Association of preoperative neutrophil-to-lymphocyte ratio with immune populations in the tumor microenvironment of patients with clear cell renal cell carcinoma.

Abstract

688 Background: Currently, there are no blood biomarkers that reflect the composition of immune cells in the tumor microenvironment (TME) of patients with clear cell renal cell carcinoma (ccRCC). High pre-operative neutrophil-to-lymphocyte ratio (NLR) is associated with adverse oncologic outcomes in ccRCC. However, how NLR relates to the immune cell composition in the TME is not well understood. Methods: We performed flow cytometry on tumor and adjacent normal renal tissue from a prospective cohort of patients who underwent surgery from 6/2015-7/2017. Immune cell populations, as a percent of total CD45+, were compared to baseline age, sex, body mass index (BMI), SSIGN score, sarcomatoid differentiation, and AJCC stage (I-IV). NLR was calculated using pre-operative absolute neutrophil-to-lymphocyte counts and further categorized as inflamed if NLR was ≥ 3. Correlations between continuous variables were performed using Spearman’s rank correlation. Comparisons of means were made using the Wilcoxon signed-rank test.

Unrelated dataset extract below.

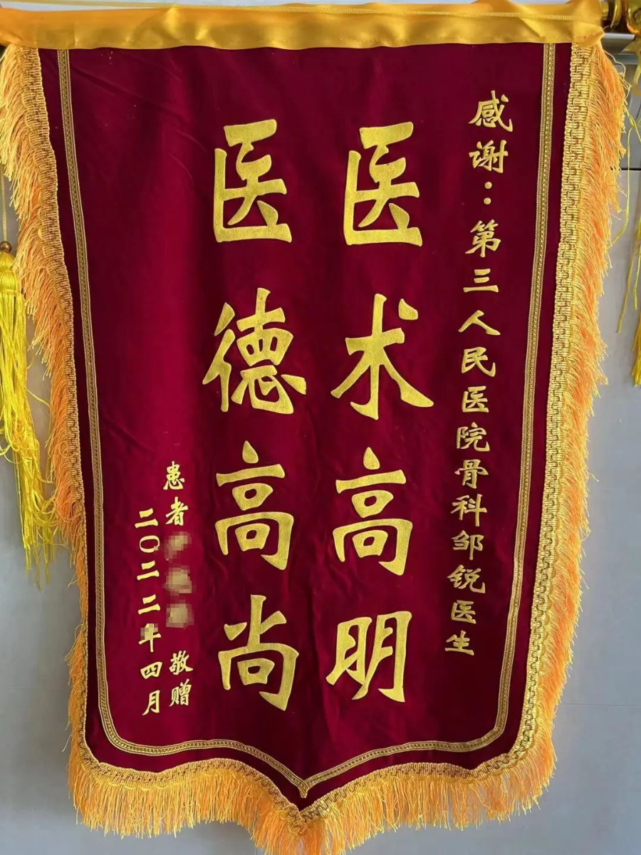 4月16日,我院骨伤科病房,一位即将出院的患者家属给骨伤科主任周建全、医生张海林、护士罗静怡手写一封感谢信,信中字里行间表达着对医护人员的感激之情。
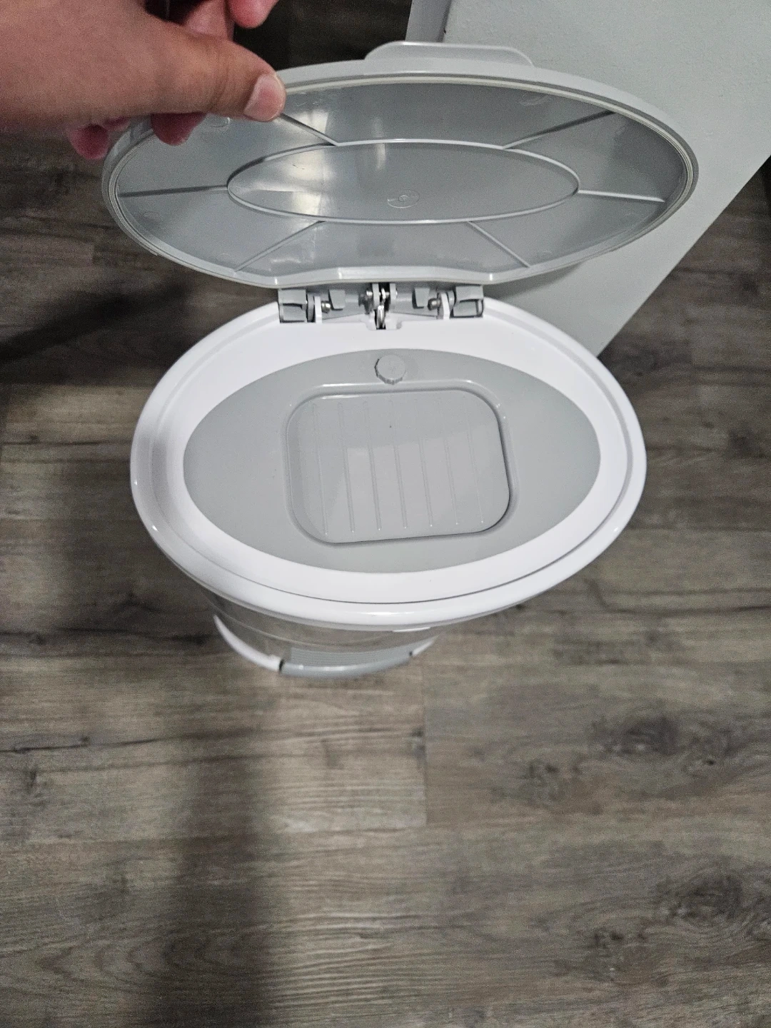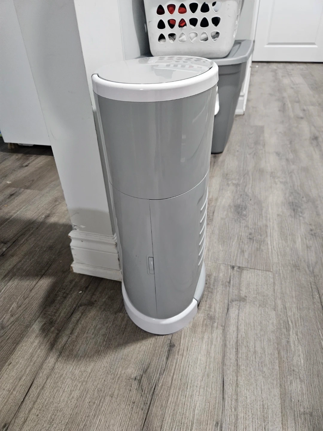 Selling a Dékor hands-free diaper pail in grey! It's in great shape and ready to keep those odours at bay. This pail is super convenient and easy to use, making diaper changes a breeze!

Results: Among 48 patients, 32 (71%) were male, median age was 59 (IQR 52-66), BMI of 38.5 (IQR 26-32.6), SSIGN score of 8 (IQR 5-12), 9 (20%) had sarcomatoid differentiation, and 20 (44%) had metastases at presentation. No correlations were found between age, BMI, and different immune cell populations or NLR. A higher ratio of tissue resident (CD8a+CD49a+CD103+) to circulating (CD8a+CD49a-CD103-) CD8+ T-cells in the TME was associated with increasing stage at presentation (p = 0.02). Inflamed patients had similar total CD45+, CD8+ T cell, CD4+ T cell, and macrophage immune infiltration. However, inflamed patients had a higher proportion of CD8+ Tres infiltration (p = 0.04) and a trend towards higher neutrophil infiltration (p = 0.15). Conclusions: A higher proportion of resident CD8+T-cells correlated with advanced disease at presentation. NLR may reflect a change in the type of CD8+T cell population found in the TME. This population of CD8+ T-cells, and NLR as a possible biomarker should be validated and further investigated in a larger cohort of patients. Funding: Ruth L. Kirschstein Research Service Award T32CA082088 (A.S., M.G.)